HIIT Cardio Heart Rate Calculator
Your HIIT Target Zones
Note: These targets are calculated using the Karvonen Formula for higher accuracy.
How to Use the HIIT Cardio Heart Rate Calculator
High-Intensity Interval Training (HIIT) is defined by its alternating periods of maximum effort and low-intensity recovery. To get the most out of your workout, you need to ensure you are pushing hard enough during the "work" phase and letting your heart rate drop enough during the "rest" phase. This calculator uses the Karvonen Formula, which accounts for your resting heart rate to provide more personalized and accurate zones than age-based formulas alone.
The Calculation Logic
Our calculator follows these steps to determine your optimal training zones:
- Max Heart Rate (MHR): Calculated as 220 minus your age.
- Heart Rate Reserve (HRR): Your Max HR minus your Resting HR.
- Target Work Zone: (HRR × Work Intensity %) + Resting HR.

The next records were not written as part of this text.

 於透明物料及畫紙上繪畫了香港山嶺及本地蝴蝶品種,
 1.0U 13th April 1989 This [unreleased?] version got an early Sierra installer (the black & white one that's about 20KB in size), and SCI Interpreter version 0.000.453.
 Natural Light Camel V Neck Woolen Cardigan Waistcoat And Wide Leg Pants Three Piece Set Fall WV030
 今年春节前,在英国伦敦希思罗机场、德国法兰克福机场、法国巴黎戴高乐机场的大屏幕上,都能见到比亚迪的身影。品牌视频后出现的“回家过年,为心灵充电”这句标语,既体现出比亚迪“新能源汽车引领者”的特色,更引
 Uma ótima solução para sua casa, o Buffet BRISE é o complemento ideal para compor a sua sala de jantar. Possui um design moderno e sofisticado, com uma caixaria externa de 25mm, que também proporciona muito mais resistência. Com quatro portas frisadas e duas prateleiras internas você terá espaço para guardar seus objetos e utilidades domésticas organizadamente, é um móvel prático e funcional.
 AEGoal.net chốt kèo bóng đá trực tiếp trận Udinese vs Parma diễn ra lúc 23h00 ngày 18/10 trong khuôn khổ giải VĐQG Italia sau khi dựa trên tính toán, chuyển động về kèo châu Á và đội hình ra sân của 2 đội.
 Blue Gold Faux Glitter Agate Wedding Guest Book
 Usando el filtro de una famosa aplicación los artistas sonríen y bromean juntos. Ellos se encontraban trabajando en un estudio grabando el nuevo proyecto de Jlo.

- Target Recovery Zone: (HRR × Recovery Intensity %) + Resting HR.
Understanding HIIT Zones
For a true HIIT session, your "Work" phase should typically fall between 80% and 95% of your heart rate reserve. This is the zone where you improve cardiovascular capacity and trigger the "afterburn" effect (EPOC). The "Recovery" phase should drop to 40% to 55%, allowing your body to clear some lactic acid before the next sprint.
Example Scenario:
User: 30 years old, 60 BPM Resting Heart Rate.
Max Heart Rate: 190 BPM.
Heart Rate Reserve: 130 BPM.
Work Zone (90%): ((130 * 0.90) + 60) = 177 BPM.
Rest Zone (50%): ((130 * 0.50) + 60) = 125 BPM.

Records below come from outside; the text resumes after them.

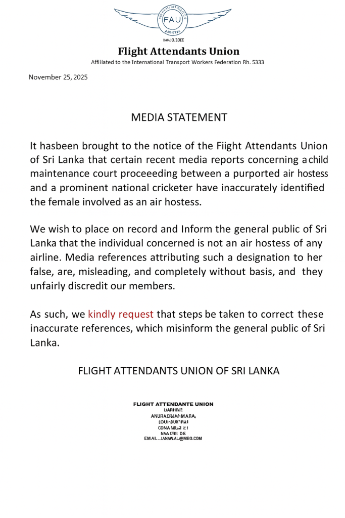 ශ්රී ලංකා ගුවන් සේවිකාවන්ගේ සංගමය නිකුත් කළ නිවේදනය පහතින්,
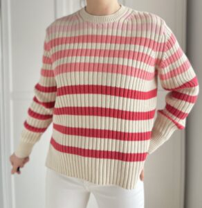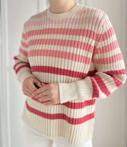 Bawełniany ciężki sweterek w różowe pasy 100% bawełna
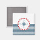 Design nautique avec décoration de boussole en forme ronde sur bleu et blanc rayé arrière - plan
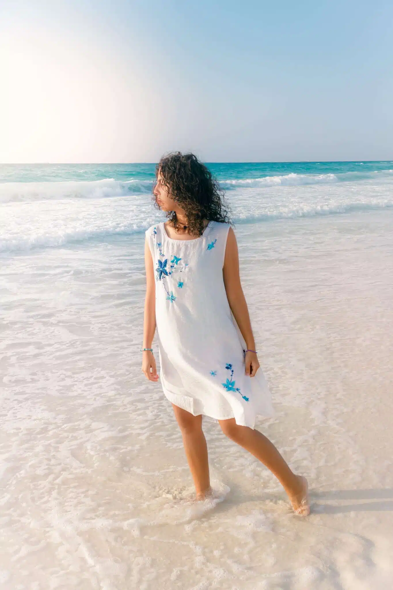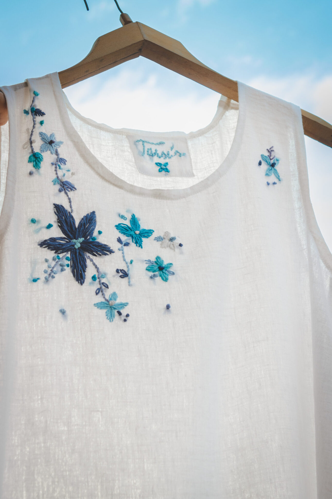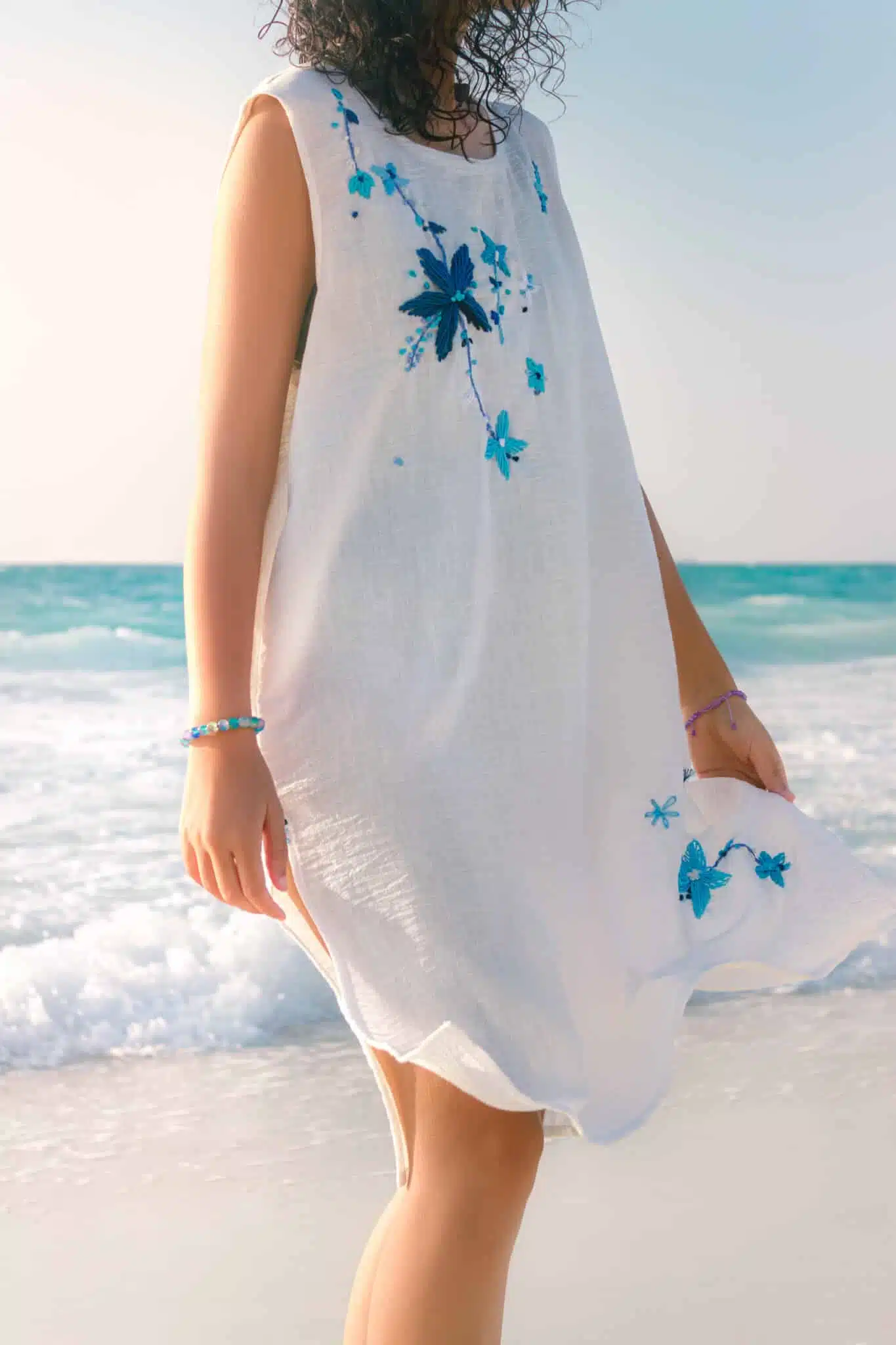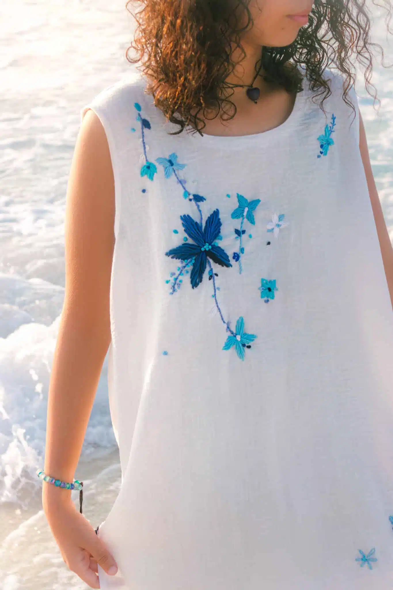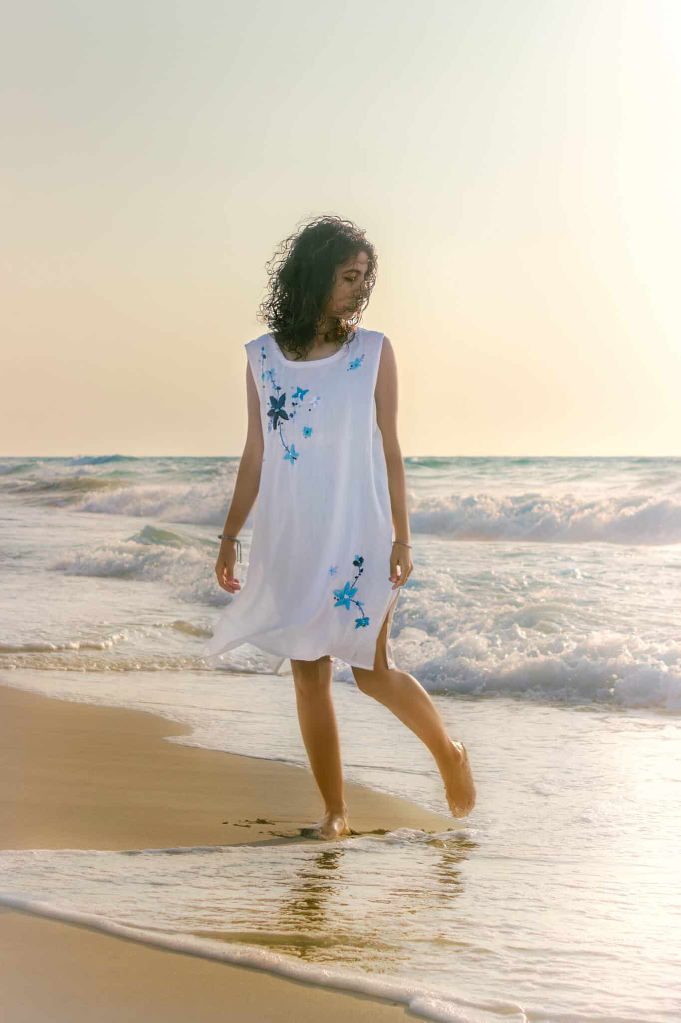 • Whitle cotton linen summer beach dress with hand embroidery.

Why Resting Heart Rate Matters
Most generic calculators ignore your resting heart rate. However, a person with a resting heart rate of 50 BPM is significantly more fit than someone with 80 BPM. By including this metric, the Karvonen formula adjusts the "intensity" to your actual fitness level, ensuring your HIIT sessions are safe yet challenging.